The first experience with orchestral rehearsals. Working on your own score with other musicians for the first time. The very first television appearance. It was a huge mess. We all quickly agreed that all proceeds from the concert should go to a hospital for donations. Now we had to fill the hall so that our art and our good intentions could bear fruit. I think I can say that I have never had such a happy, funny and ambitious team of young, but also very experienced musicians by my side. The conductor, Do Kien Cuong, had completed his studies in the States and so we had quickly discussed our plans and taken the necessary steps. But the language was not a barrier that could not be overcome. I played my ideas on the piano and with a lot of humor, jokes and lots of fits of laughter we grew together as a small group. The rehearsals were an experience that I will never forget.

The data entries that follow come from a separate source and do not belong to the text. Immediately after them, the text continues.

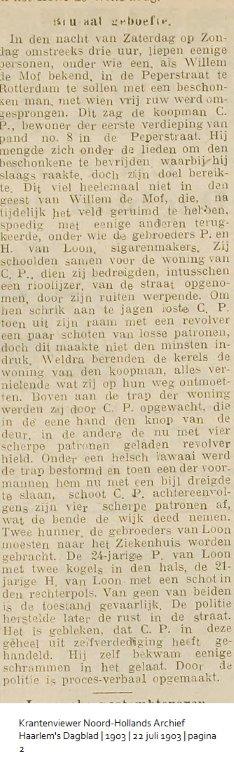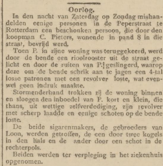 De kinderen Van Loon uit Rotterdam hebben een aantal keren het nieuws gehaald, bijvoorbeeld in juli 1903. Hierbij werd er gevochten door Willem de Mof en Pieter en Hendrik van Loon. Deze laatste twee raakten gewond door kogels: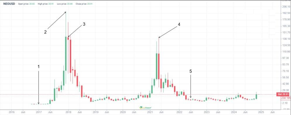 - 2017年12月,NEO价格达到196美元的历史最高点。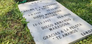 Sin embargo esto no habría sido un impedimento para la Doctora en Ciencias Sociales e Investigadora del CONICET, Cora Gamarnik, quien publicó en su cuenta de la red social Twitter una imagen de la tumba de Diego Maradona captada a pocos centímetros en la que pueden leerse los nombres y los apodos de su madre Dalma Maradona “La Tota”, de su padre Diego Maradona “Chitoro”, con sus respectivas fechas de nacimiento y fallecimiento, y más abajo está el nombre completo de Diego Armando Maradona (sin su apodo “Pelusa” ni sus fechas) y finalmente la frase que alguna vez había pedido que se coloque sobre su lápida: “GRACIAS A LA PELOTA”. Luego aparece la consigna “Te Amamos”, en nombre de sus hijas.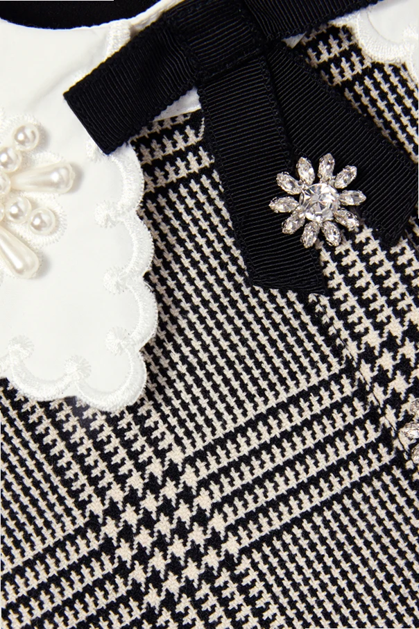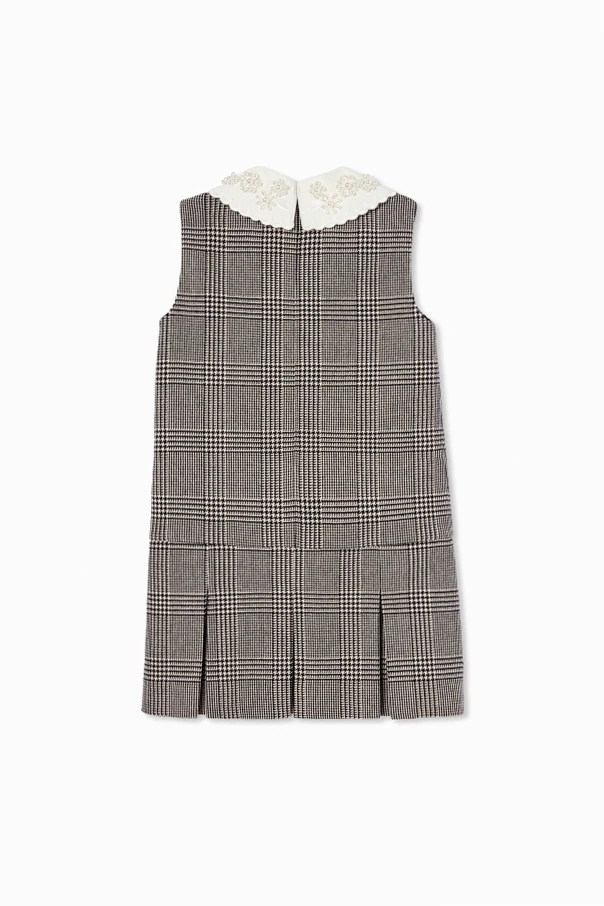 Sukienka w pepitkę autorstwa Self-Portrait Kids urzeka klasyczną elegancją i niepowtarzalnym wdziękiem. Wysublimowany fason trapezowy, pozbawiony rękawów, doskonale podkreśla sylwetkę młodych dam w wieku 4-14 lat. Uwagę przyciąga czarno-biały wzór pepitki harmonijnie spleciony z motywem delikatnej kraty, wyrażając ponadczasowy styl.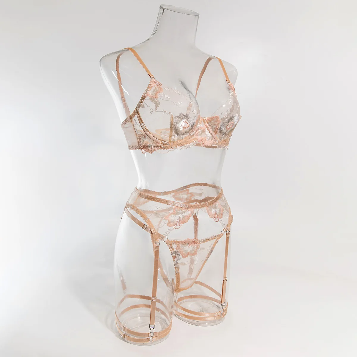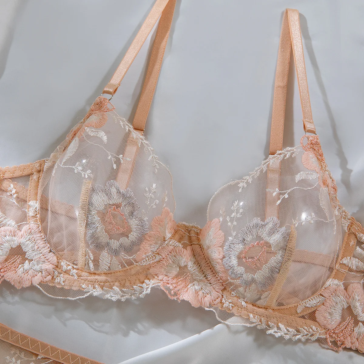 Diccvicc Floral Lingerie See Through Embroidery Sexy Lace Bra Panty Set Fine Women Exotic Garter Underwear Intimate Fancy Outfit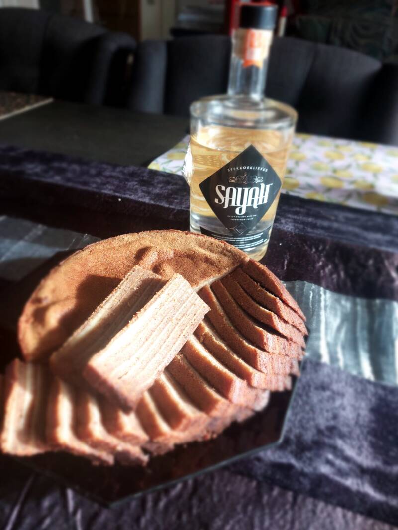 Deze spekkoek is anders dan de Traditionele spekkoek. Waarom anders? We hebben een likeur er doorheen gedaan. Likeur heet Sayah. We hebben onze spekkoek met de likeur samengevoegd. Tijdens het bakken vervliegt de alcohol, maar niet de smaak. Het resultaat is dat er een sterkere intense spekkoekkruidensmaak optreedt.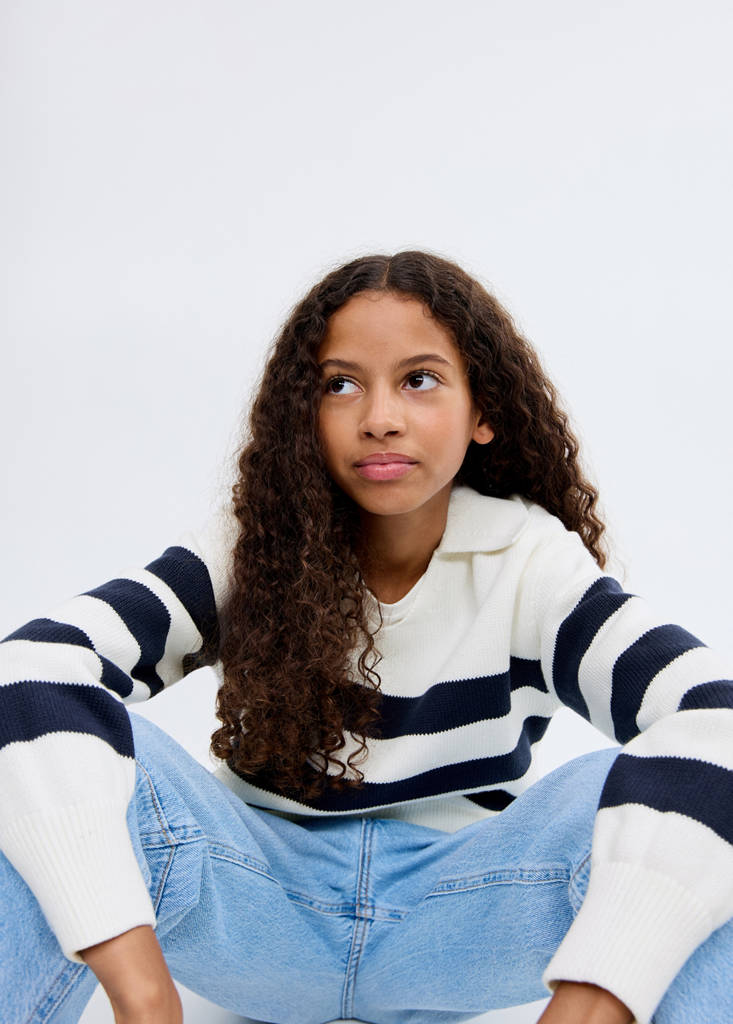 Knitted fabric. Striped fabric. Straight Design. Polo collar. Long sleeves. Ribbed collar, cuffs and hem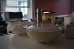 i forgot to take the leftover noodles my mother gave me for dinner, so ended up returning to the cafe close to 2:30, right when my bread was supposed to be ready. i figured a few extra minutes of baking couldn't hurt. maybe i left the food on purpose just so i'd get more riding time! i quickly grabbed my container from the cafe and returned home. i ran into the mailman, who noticed the smell when i opened my door. "oh, i'm baking bread," i told him. he said his wife used to make bread all the time, fancy ones like braided strands, but not anymore.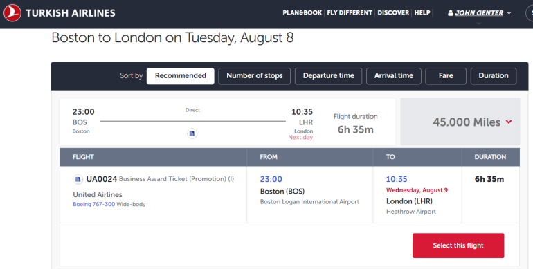 However, you can do much better through partners. For example, Turkish Miles&Smiles charges 45,000 miles each way for the same United business class award. If you don't have enough miles in your Miles&Smiles account, you can transfer in Citi ThankYou points, Capital One miles or Marriott Bonvoy points.
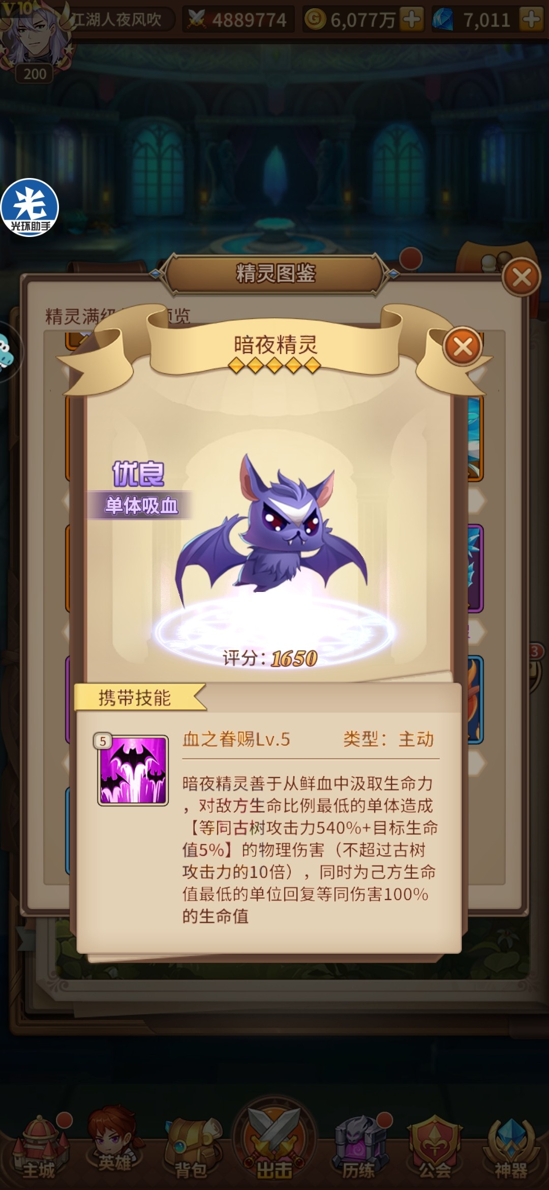 站位选择推荐二号位,三号位,这款精灵其实我是不想归为常用精灵中的,因为但凡有了好的选择,都不会去选择暗夜精灵,但是因为新手比较多,这款精灵用的人还是比较多,建议你们在刚开始的时候没有别的精灵时可以去用用,这个精灵就是相当于低配版的幻界精灵,你古树等级低又打不出多少伤害,你古树等级高了谁会去选择使用暗夜精灵。
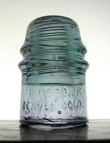 Here is one of several recent additions to my Denver glass collection. This is a cool looking two tone R Good piece. It is a light aqua and light purple two tone piece. There is no real color separation, but more of a swirling nature to the color mixture. |

Then came the evening. Everyone was nicely dressed and sat down quietly and expectantly. The television crew let the cameras roam. If I hadn’t been told that the cameras were only for internal recording for college students, I would probably have exploded with excitement. At the point: Thanks for the little white lie! The program was structured as follows: 5 pieces for piano, then one piece for the orchestra and a break. Then another 5 pieces and, finally, another work for orchestra. You could see the excitement, but I went on stage. The lights went out and I play. 5 tracks later, it was a huge stone from my heart and to applause I went backstage. Accompanied by pats on the back and congratulations, we celebrated the small partial victory while the stage was being prepared for the orchestra. The musicians took their seats and the lights dimmed again. Now I was there myself at the world premiere of my own compositions. You can’t describe happiness … and I won’t try that here either.

Friendship & Music

Musik überwindet Grenzen; geografische als auch kulturelle. Noch meiner Reise war es schön wieder an meinen Klavier zu sitzen und meine Zeit mit Tee und neuen Melodien zu verbringen. Die Freude an über meine tolle Reise hielt lange an und so dachte ich mir, wäre es Klug diesen Elan nun für neue Projekte zu nutzen. Im Laufe meiner Entdeckungen durfte ich neue Freundschaften schließen. Zum einen lernte ich die großartige Pianistin Keiko Nishizu aus Japan, die zusammen mit anderen Freunden tolle Konzerte veranstaltet hat. Auch war Keiko Nishizu die erste Pianistin, die meine Stücke eingespielt und auf YouTube veröffentlicht hat. Auch einen großen Dank an die Pianistin Julia Haak aus Deutschland, die mich an einige meiner Stücke erinnert hat, welche ich schon fast vergessen hatte.

Ein tolle Freundschaft und tollen Konzerterinnerungen gilt der Pianistin Ioana Maria Lupascu aus Rumänien, welche mich nicht nur auf der Bühne unterstützt hat, sondern meine Stücke auf anderen Konzerten – auch einige meiner Stücke für Klavier und Orchester – interpretiert. Auch ein großer Dank an den brillianten Cellisten Mirel Iancovici und seiner wunderschönen Interpretation meiner Komposition Photographs.

Eine der kreativsten Freundschaften verbinde ich jedoch mit der Flötisten Lynsey Blair aus England. Nach einer Interpretation eines meiner Stücke und anderen Arrangements gründeten wir unser Duet Flutiano und haben viele Stücke und Soundtracks zusammen aufgenommen. Von Pop Songs bis Schubert und Chopin und einigen Konzerten in England und Deutschland haben wir auf YouTube eine tolle Playlist zusammen gestellt.

Ich hoffe auf weitere Projekte und Freundschaften und bin gespannt, welche Melodien mir als nächstes Einfallen… und wo diese mich als nächstens hinführen.